** Data provided **
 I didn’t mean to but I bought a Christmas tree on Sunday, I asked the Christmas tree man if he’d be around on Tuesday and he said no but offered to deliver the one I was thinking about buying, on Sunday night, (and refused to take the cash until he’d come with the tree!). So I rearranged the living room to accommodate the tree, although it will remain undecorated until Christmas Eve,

...

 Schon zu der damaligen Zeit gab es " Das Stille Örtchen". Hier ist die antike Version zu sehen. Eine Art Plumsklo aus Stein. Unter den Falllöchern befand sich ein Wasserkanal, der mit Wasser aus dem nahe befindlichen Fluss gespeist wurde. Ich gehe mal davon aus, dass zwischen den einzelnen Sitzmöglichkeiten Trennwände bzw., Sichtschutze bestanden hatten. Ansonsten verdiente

---

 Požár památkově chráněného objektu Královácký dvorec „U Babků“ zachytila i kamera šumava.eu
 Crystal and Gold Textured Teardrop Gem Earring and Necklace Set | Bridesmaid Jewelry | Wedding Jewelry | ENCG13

** Task item **
From the records above, print exactly the lines that run from the line with "Požár památkově chráněného objektu" to the line with "Crystal and Gold", inclusive.

** Exercise answer **
 Požár památkově chráněného objektu Královácký dvorec „U Babků“ zachytila i kamera šumava.eu
 Crystal and Gold Textured Teardrop Gem Earring and Necklace Set | Bridesmaid Jewelry | Wedding Jewelry | ENCG13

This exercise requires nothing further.